→ Dataset excerpts
<<<<
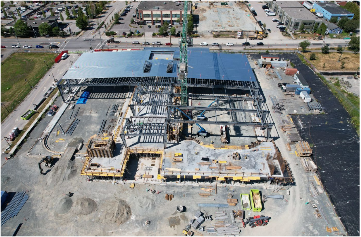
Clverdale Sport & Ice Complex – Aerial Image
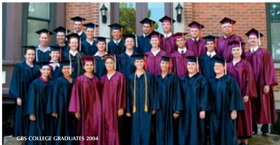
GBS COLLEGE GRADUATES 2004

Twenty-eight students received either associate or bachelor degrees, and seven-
>>>>
<<<<
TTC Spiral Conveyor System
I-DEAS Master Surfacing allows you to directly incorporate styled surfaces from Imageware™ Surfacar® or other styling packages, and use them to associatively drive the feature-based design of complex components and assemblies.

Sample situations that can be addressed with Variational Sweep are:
>>>>
<<<<
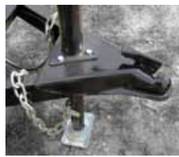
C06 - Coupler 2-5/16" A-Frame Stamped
>>>>
Every line from the line containing "GBS COLLEGE GRADUATES 2004" through the line containing "Twenty-eight students received" in the records above must be retyped exactly. Leave out the rest.

→ Solution to this task
GBS COLLEGE GRADUATES 2004

Twenty-eight students received either associate or bachelor degrees, and seven-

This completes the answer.